To ensure spawning subprocess is done securely, do not use the shell in between. If you need any of the operations I listed above as part of your command — wildcards, pipes, etc. — you will need to take care of them in your code; most languages have those features built-in.

为确保安全完成产卵子过程， 请勿在之间使用外壳 。如果您需要我在命令中列出的上述任何操作（通配符，管道等），则需要在代码中加以注意；大多数语言都内置了这些功能。

In C (Unix) 在C（Unix）中

posix_spawn(). This also lets you communicate with the process if you open a pipe and make it stdout of the child process. Never use

posix_spawn（） 。如果您打开管道并使其成为子进程的标准输出，这也使您可以与该进程进行通信。切勿使用

system().

system（） 。

In Python 在Python中

Use the subprocess module. Always pass

shell=False and give it a

list of arguments. With asyncio, use

asyncio.create_subprocess_exec (and not

_shell), but note it takes

*args and not a list. Never use

os.system and

os.popen.

使用子流程模块。始终传递

shell = False并为其提供参数

列表。对于asyncio，请使用

asyncio.create_subprocess_exec （而不是

_shell ），但请注意，它使用

* args而不是列表。切勿使用

os.system和

os.popen 。

In Ruby 在Ruby中

IO.popen. Pass multiple arguments to

IO.popen 。将多个参数传递给

system() (

system（） （

system(["ls", "ls"]) or

system（[“ ls”， “ ls”]）或

system("ls", "-l")). Never use

system（“ ls”， “ -l”） ）。切勿使用

%x{command} or backticks.

％x {command}或反引号。

In Java 在Java中

Runtime.exec. Pass multiple arguments or list to

Runtime.exec 。将多个参数或列表传递给

ProcessBuilder.

ProcessBuilder 。

In PHP 在PHP中

All the standard methods go through the shell. Try

escapeshellcmd(),

escapeshellarg() — or better, switch to Python. Or anything, really.

所有标准方法都通过外壳。尝试使用

escapeshellcmd（） ，

escapeshellarg（）或更好的方法，切换到Python。还是什么，真的。

In Go 在围棋

os/exec and

os / exec和

os.StartProcess are safe.

os.StartProcess是安全的。

In Node.js 在Node.js中

Use

child_process.execFile or

child_process.spawn with

shell set to false.

使用

将

shell设置为false的

child_process.execFile或

child_process.spawn 。

Elsewhere 别处

You should be able to specify multiple strings (using variadic arguments,

arrays, or otherwise standard data structures of your language of choice) as

the command line. Otherwise, you might be running into something

shell-related.

您应该能够指定多个字符串（使用可变参数，

数组或您选择的语言的其他标准数据结构）

命令行。否则，您可能会遇到一些麻烦

与外壳相关。

()

On Windows, argument lists are always passed to processes as strings (Python joins them semi-intelligently if it gets a list). Redirections and variables work in shell mode, but globs (asterisks) are always left for the called process to handle.

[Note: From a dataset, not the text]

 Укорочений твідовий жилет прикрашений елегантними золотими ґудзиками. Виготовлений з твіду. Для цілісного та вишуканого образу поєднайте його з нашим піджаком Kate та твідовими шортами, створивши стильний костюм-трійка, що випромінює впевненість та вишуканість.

在Windows上，参数列表始终以字符串的形式传递给进程（如果得到列表，Python将以半智能方式将其连接）。重定向和变量在Shell模式下工作，但是始终保留全局字符（星号）供调用的进程处理。

Some useful functions are implemented as shell built-ins — in that case, you need to call it via the shell.

一些有用的功能是作为Shell内置的实现的，在这种情况下，您需要通过Shell调用它。

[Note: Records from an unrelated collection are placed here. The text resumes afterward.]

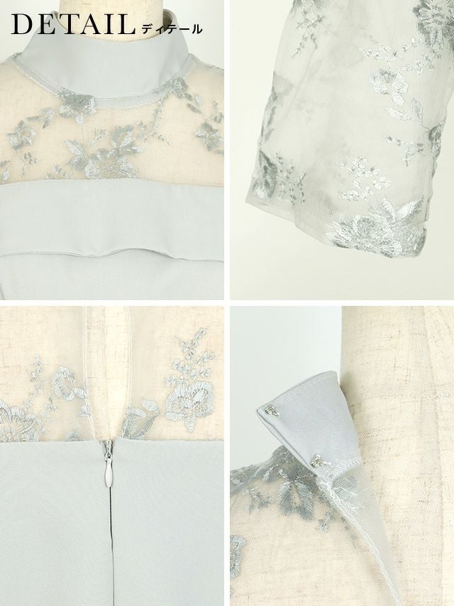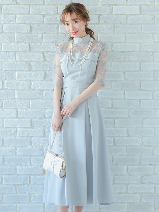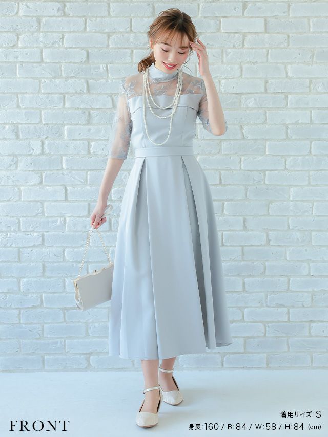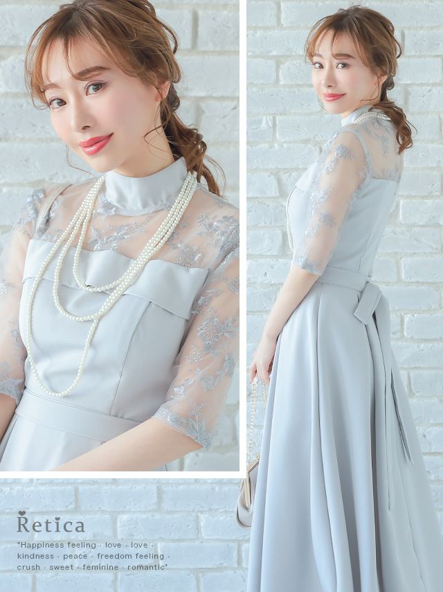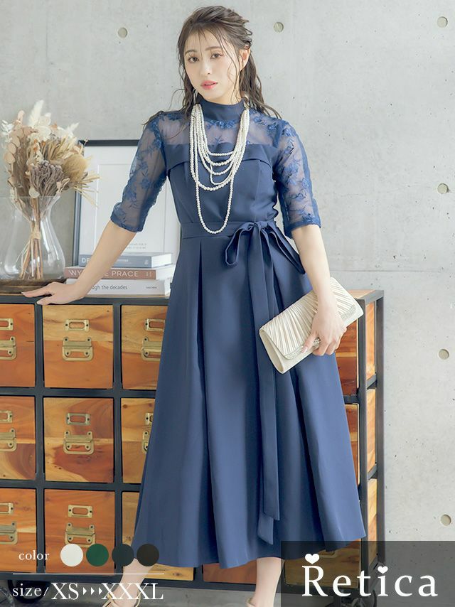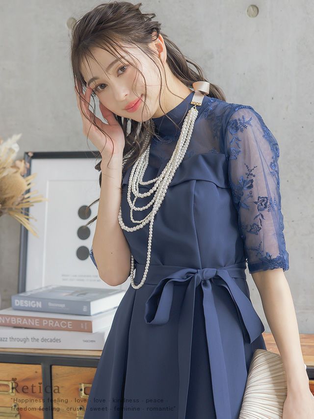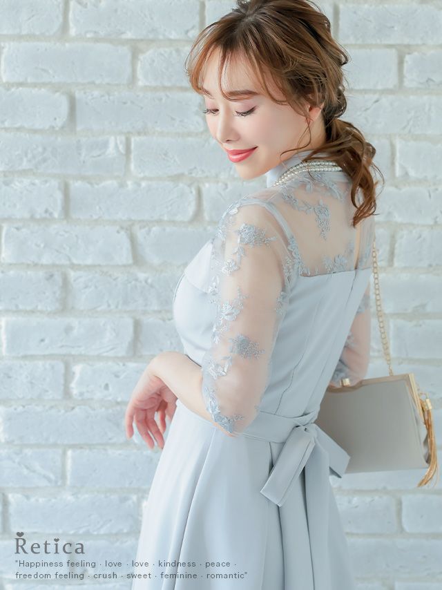レースショルダーウエストリボンデザインミモレ丈結婚式パーティードレス
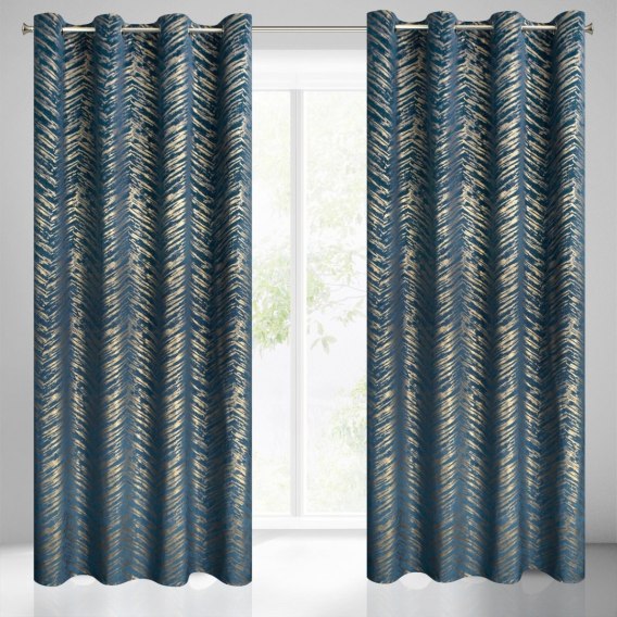 Zasłona welwetowa ze złotym nadrukiem szerokość: 140 cm. długość: 250 cm. kolor: granatowy. Gramatura: 200 GSM. Skład: 100% poliester
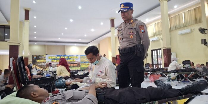 Kepala SPN Polda Jawa Timur, Kombes Pol Agus Wibowo, S.I.K., memberikan teladan dengan menjadi salah satu pendonor pertama.
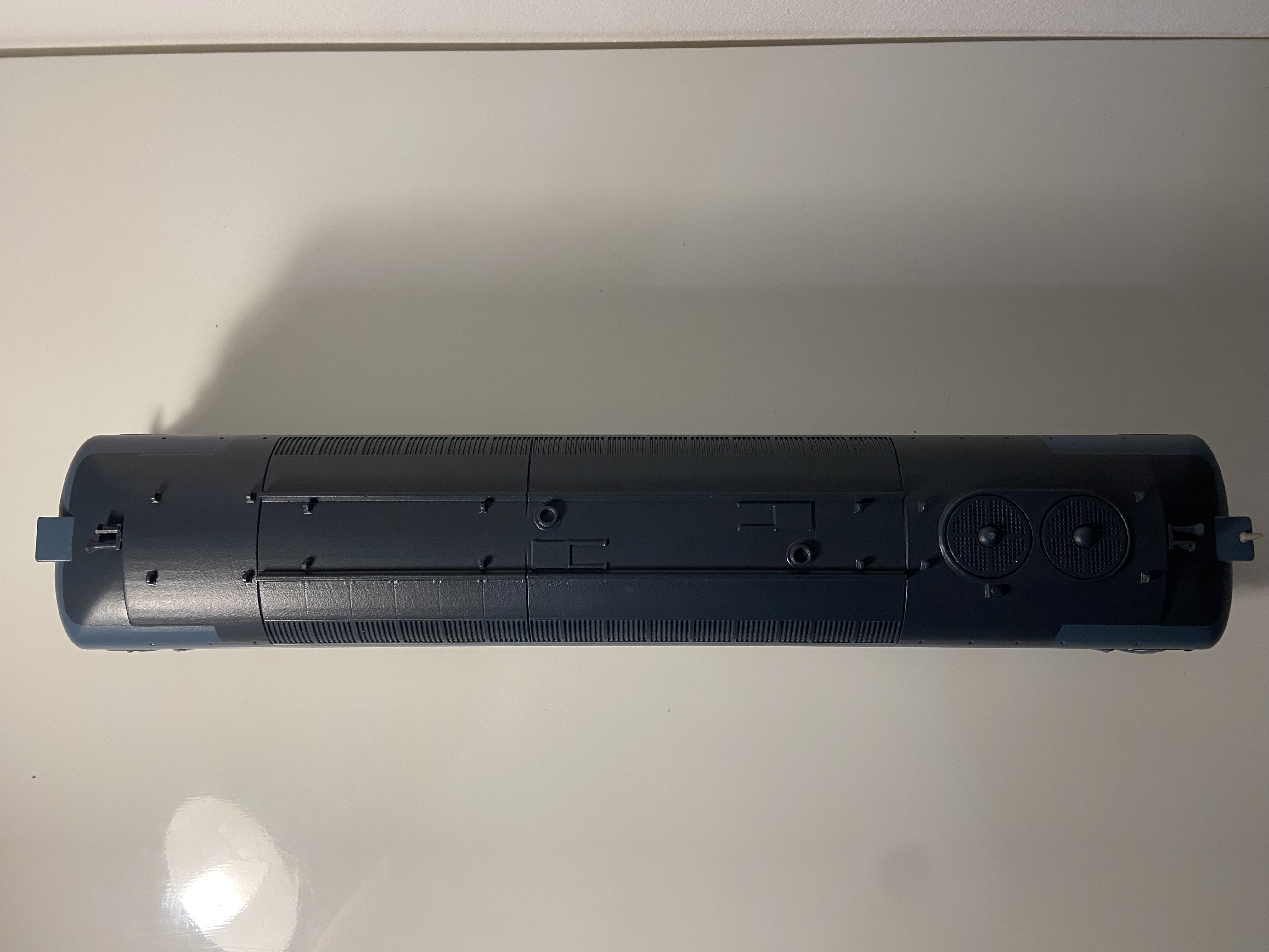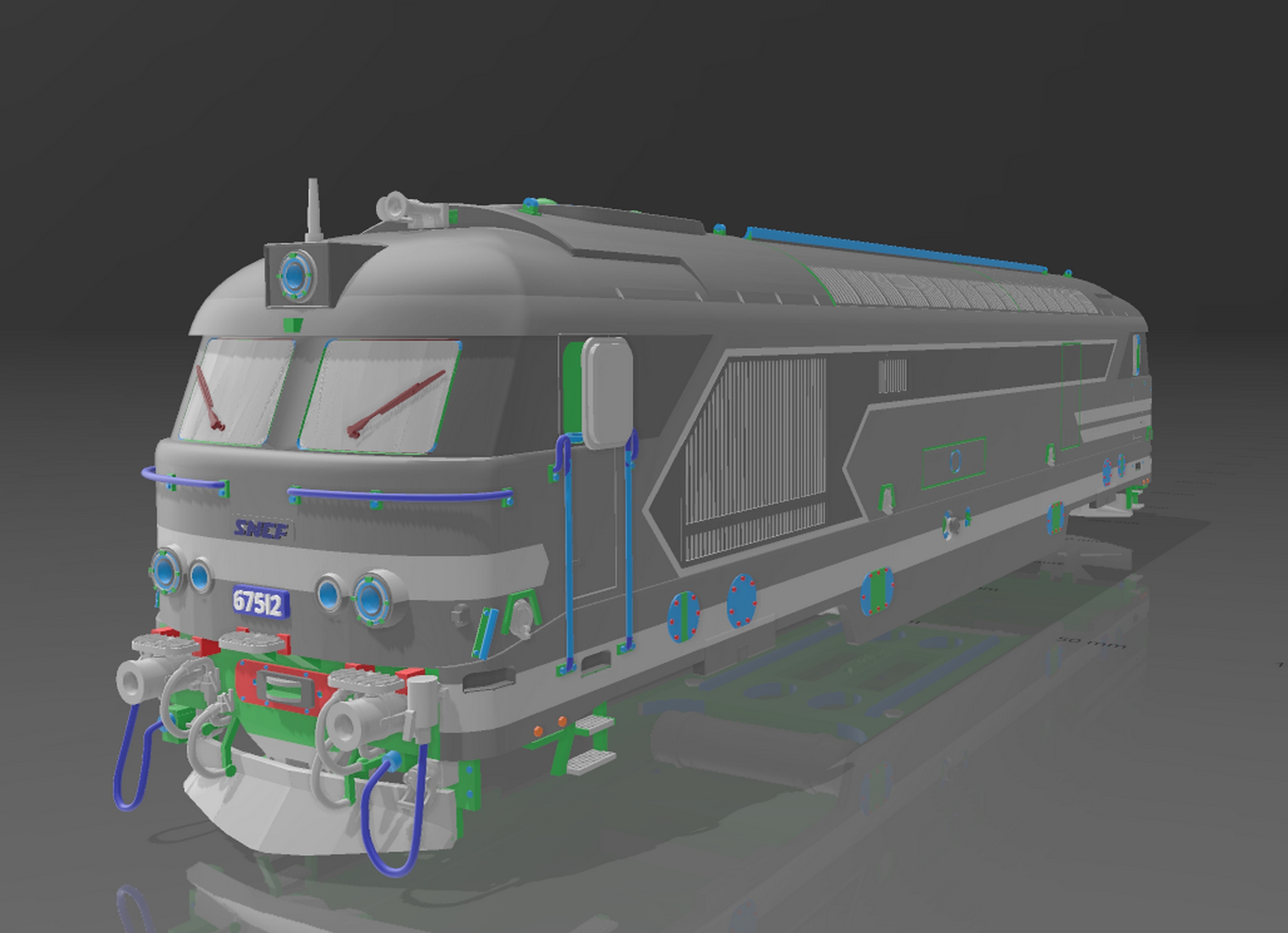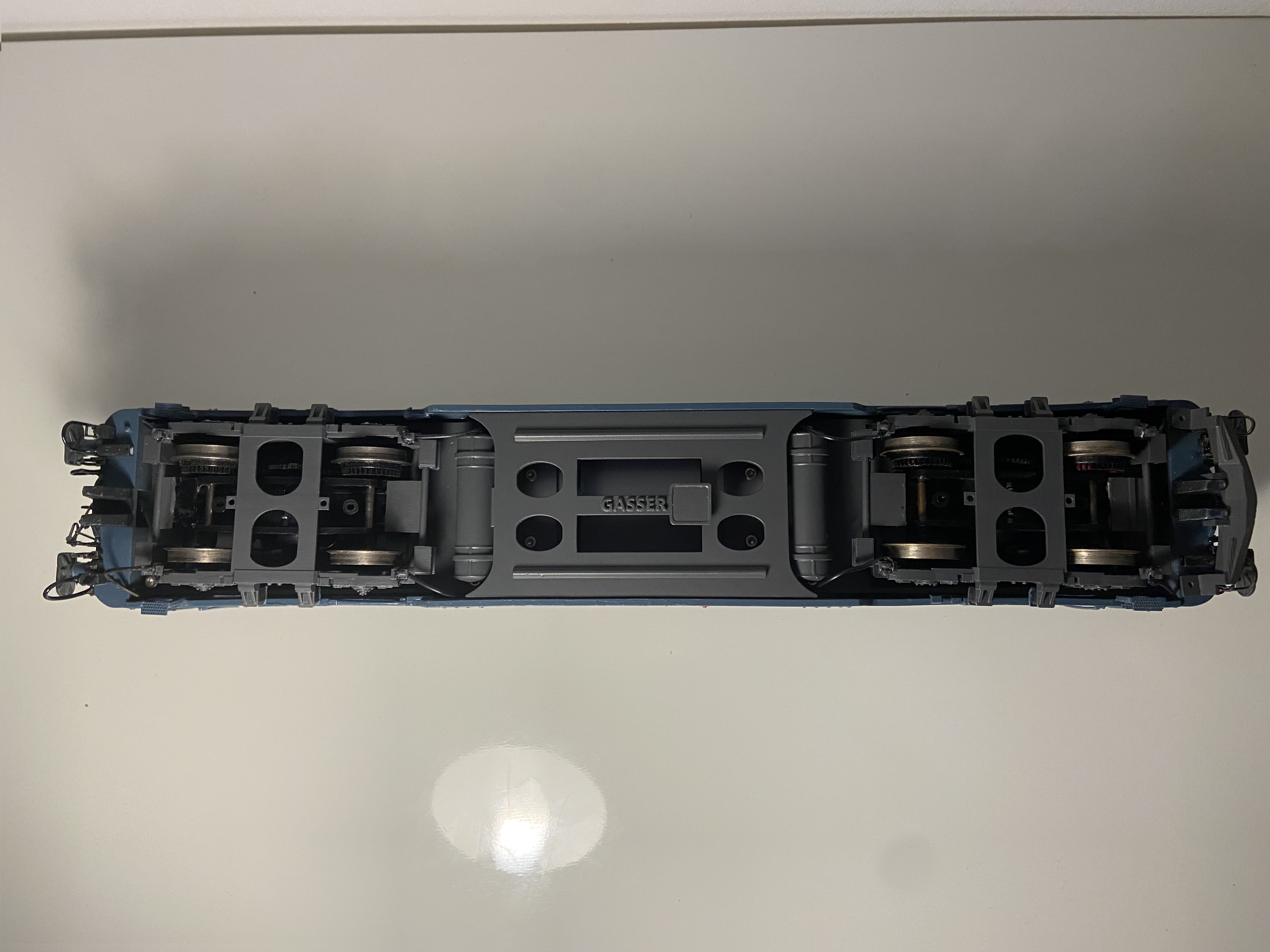 La machine est équipée de 2 bogies moteurs synchronisés, 8 vis maintiennent la caisse à son chassis et 4 vis maintiennent la structure avec les 2 RP et l'antenne KVB au chassis.

Internals: There is no fork() on Windows. Instead, CreateProcess(), ShellExecute(), or lower-level spawn*() functions are used. cmd.exe /c is called in shell calls.

内幕：Windows上没有fork（） 。而是使用CreateProcess（） ， ShellExecute（）或较低级别的spawn *（）函数。在外壳程序调用中调用cmd.exe / c 。

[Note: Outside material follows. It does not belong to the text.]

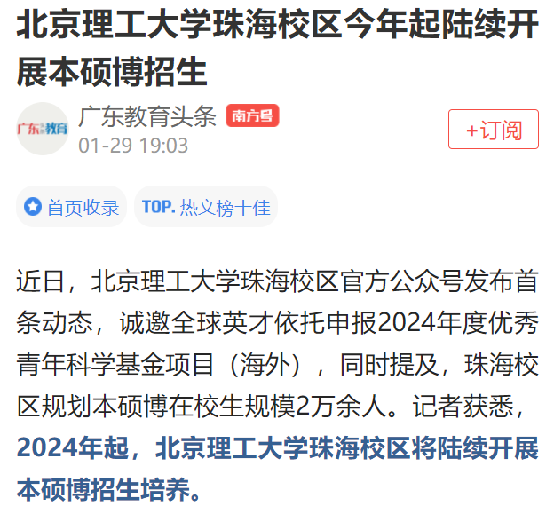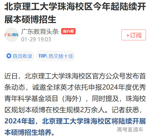 转设被视为独立学院走上发展“快车道”的关键契机。近年来,随着各地转设工作的不断推进,有的学校搭上了转公、转民的列车,还有的“摇身一变”成为名校校区,如南京大学金陵学院融入南京大学苏州校区、北京师范大学珠海分校向珠海校区转设。 近期,“北京理工大学珠海学院融入珠海校区发展”的消息频传,该校的转设方向基本确定,北理工这所名气实力兼具的985高校,预计也将真正落户广东珠海,那何时开始招生呢? 据南方日报1月29日消息,2024年起北京理工大学珠海校区将陆续开展本硕博招生培养。 北京理工大学珠海学院学生也曾在2023年透露,珠海校区将在2024年开始招生。 珠海校区是以北京理工大学的名义正式招生,届时,预估录取分数能与中大、华工等985高校不分伯仲。具体招生时间还要等官方确定,高考直通车也将持续关注、及时推送。 其实,北理工与珠海早于21世纪初始就已“结缘”。 ★2000年7月,北京理工大学与珠海市人民政府签订《合作建设北京理工大学珠海校区协议书》。 ★2001年,珠海校区获批复同意建设,先后开展硕士研究生、继续教育招生 ★2004年,北理工以独立学院模式,在珠海校区上试办珠海学院; ★2014年3月,北理工与珠海签订战略合作协议,确定在珠海校区布局全日制本科教育、研究生教育、研究院、科技园区,并在章程中将“广东珠海校区”纳入办学场所。 ★2022-2023年,北京理工大学珠海学院多次表示将融入珠海校区建设,北理工也明确将珠海校区列入学校“一脉五区,一体发展”的开放办学格局中,并透露珠海校区建设加速推进,取得重大进展。 ★2024年1月27日,官微“北京理工大学珠海校区”(北理工注册于2023年11月7日)首次发文,采用新名称“北京理工大学(珠海)”,明确按照本科生院、研究生院、国际教育学院、大湾区创新研究院、科技园“五位一体”功能布局,规划本硕博在校生规模2万余人,将建设信息通信、智能制造、航空航天、人工智能、集成电路、仪器科学、未来能源、医学工程、海洋科技、法学、商科、设计创新等学科方向。 北京理工大学前身是1940年诞生于延安的自然科学院;1949年迁入北京;1952年定名为北京工业学院,成为新中国第一所国防工业院校;1988年,更名为北京理工大学,首批进入国家“211工程”和“985工程”,首批进入“世界一流大学”建设高校A类行列,隶属于工业和信息化部,是“国防七子”一员。 学校全面构建“一脉五区”的开放办学新格局,建筑总面积超300万平方米。设22个专业学院、9个书院,拥有本科专业78个,全部入选一流本科专业建设点,其中国家一流专业48个、双一流建设学科4个(物理学、材料科学与工程、控制科学与工程、兵器科学与技术)。在全国第四轮学科评估中,兵器科学与技术获评A+(排名全国第1);机械工程、控制科学与工程获评A(排名全国前5%)。 据深圳特区报消息,1月30日深圳市长覃伟中作2024年政府工作报告,其中在聚焦“民生七优”部分提到: 今年将:①推动深圳理工大学、香港中文大学(深圳)音乐学院、创新创意设计学院等建成招生;②打造人工智能、集成电路、先进制造等前沿学科;③推动深圳信息职业技术学院获批升本。 深圳理工大学是深圳市人民政府与中国科学院合作共建的全日制公办研究型高校,已在2023年1月由省教育厅公示,距正式设立只差“教育部同意”这关键一步。目前学校启用西丽校区、明珠校区,主校区选址于深圳市光明科学城,西侧邻近中山大学深圳校区,计划于2024年整体交付。 此外,学校已正式成立7个学院:计算机科学与控制工程学院、生物医学工程学院、生命健康学院、药学院、合成生物学院、材料科学与能源工程学院、算力微电子学院。 据教育部公示的2023年度普通高等学校本科专业申报材料显示(注:高等学校本科专业设置与服务平台),深圳理工大学(筹)申报了材料科学与工程、计算机科学与技术、药学、生物医学工程、神经科学和生物技术6个本科专业。 据深理工招生网显示,学校预计于2024年正式开始招生,欢迎优秀高中理科毕业生报考。这也意味着,学校很可能在今年只招物理类(理科)考生。 2018年底,深圳市委、市政府委托香港中文大学(深圳)筹建深圳音乐学院,初期作为该校二级学院运营。符合条件的本科毕业生获颁香港中文大学学位证及香港中文大学(深圳)毕业证。 深圳音乐学院(筹)被列为深圳市政府规划建设的“新时代十大文化设施”之一,目标是一所国际化、创新型、世界一流的高等音乐艺术院校。 学院位于深圳市龙岗区盐龙大道与国际大学园路交叉口,紧邻香港中文大学(深圳)校区,用地面积约7.38万平方米,建筑面积约12.97万平方米,主要建设内容:综合楼、观演楼、教学楼、实验楼、教师宿舍、学生宿舍、学生综合楼、风雨连廊等。当前该项目正紧锣密鼓地建设当中,预计建成后可满足1000名学生生活学习。 2023年,深圳音乐学院依托香港中文大学(深圳),在广东有多个专业招生,要求首选物理或历史,再选不限。投档分最低是470分/4283名被投档(音乐表演-小提琴),最高是614分/6名(音乐表演-乐队指挥)。 深圳创新创意设计学院于2019年开始筹建。项目地处宝安区规划的宝安教育城、凤凰山文化创意区,紧邻深圳航空新城,占地面积约34.9万平方米,规划建设教学办公用房、研究创意设计实验室及工坊、生活用房等30万平方米

Unless your operating system does not implement copy-on-write forking — in that case, you might even run out of memory if you use too much of it.

除非您的操作系统未实现写时复制分叉-在这种情况下，如果过多使用它，甚至可能会耗尽内存。

execve(), which takes an exact path, an array of arguments, and takes environment variables as input. Other variants can also perform a execve（） ，它采用精确路径，参数数组并以环境变量作为输入。其他变体也可以执行$PATH search, take argv as variadic arguments, and inherit environment from the current process. $ PATH搜索，将argv作为可变参数，并从当前进程继承环境。 execl() does the last two.execl（）执行最后两个。